The issue happened in the networks that connect our Availability Zones to the internet. All Availability Zones must have network connectivity to the internet and to each other (to enable a customers resources in one Availability Zone to communicate with resources in other Availability Zones). Our border and Availability Zone networks use standard routing protocols both to isolate themselves from potential failure in other Availability Zones and to assure continued connection to other Availability Zones or the internet in the face of a failure in any portion of our network. To prevent network issues in one Availability Zone from impacting any of our other Availability Zones, we use a network routing architecture we refer to as north/south. Northern routers are at the border, facing toward the internet. Southern routers are part of individual Availability Zones. To prevent Availability Zones from being able to impact each others routes to the internet, we use standard routing protocols to prevent southern routers in one Availability Zone from advertising internet routes to any other southern router in another Availability Zone. Southern routers are also prohibited from telling northern routers what routes to use. This causes routes to only propagate from north to south.
The event began when a southern router inside one of our Availability Zones briefly stopped exchanging route information with all adjacent devices, going into an incommunicative state.
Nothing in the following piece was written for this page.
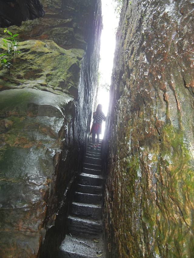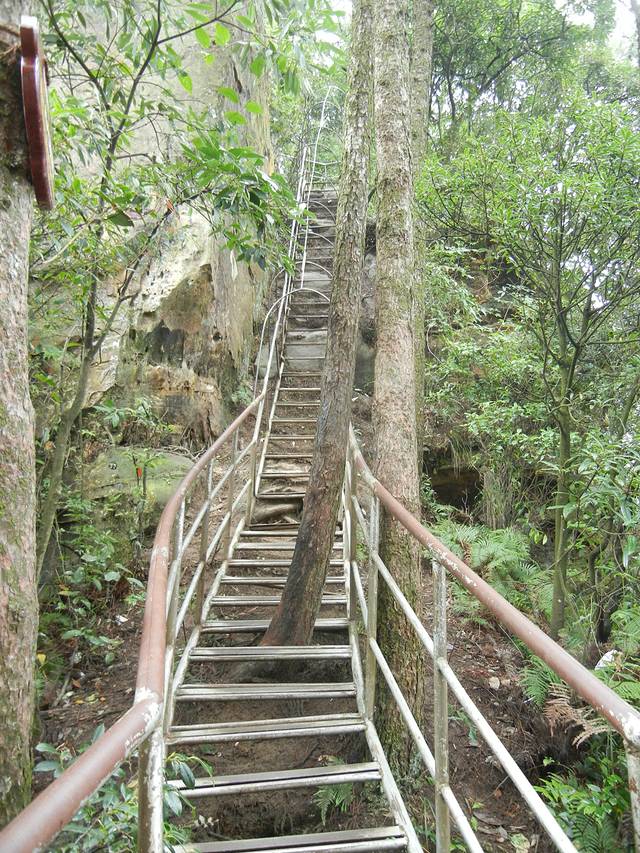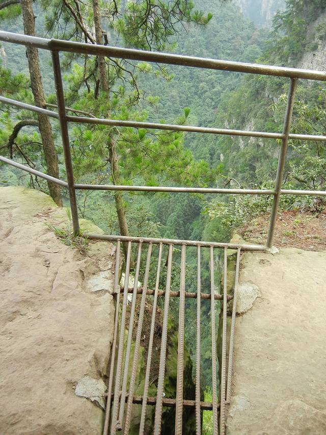 (2)下车后根据指路牌,先去的乌龙寨,那边有著名的“不得不低头”和“一线天”悬崖陡峭,惊险刺激。然后就是我们最爱的天波府之“一步登天”了,据说是整个张家界最高的景点,我们是大汗淋漓的爬上那个立在山尖尖上的垂直的靠山钢梯,没得任何保护,一览众山小!!太壮观了,很丢脸的腿软了一分钟才重新爬起来。

Upon re-establishing its health, the router began advertising an unusable route to other southern routers in other Availability Zones, deviating from its configuration and bypassing the standard protocol restriction on how routes are allowed to flow. The bad default internet route was picked up and used by the routers in other Availability Zones. Internet traffic from multiple Availability Zones in US East was immediately not routable out to the internet through the border. We resolved the problem by removing the router from service.
We immediately identified that there were no human accesses or automated changes applied to that router. We also have hundreds of thousands of hours of operating experience with this particular router software and hardware configuration. As a result, we had a strong hypothesis that there was an unusual router software failure causing the router to violate the routing protocol. As might have been expected (given the long successful experience we’ve had with this configuration), reproducing the software failure was difficult. Late Wednesday night, working closely with the supplier of this router, we were able to reproduce the behavior and locate the software bug. It confirmed our hypothesis of protocol violation. We’ve developed a mitigation that can both prevent transmittal of a bad internet route and prevent another router from incorporating that route and using it. We’ve tested the mitigation thoroughly and are carefully deploying it throughout our network following our normal change and promotion procedures.
We apologize for any impact this event may have caused our customers. We build with the tenet that even the most serious network failure should not impact more than one Availability Zone beyond the extremely short convergence times required by the network routing protocols. We will continue to work on eliminating any issues that could jeopardize that important tenet.”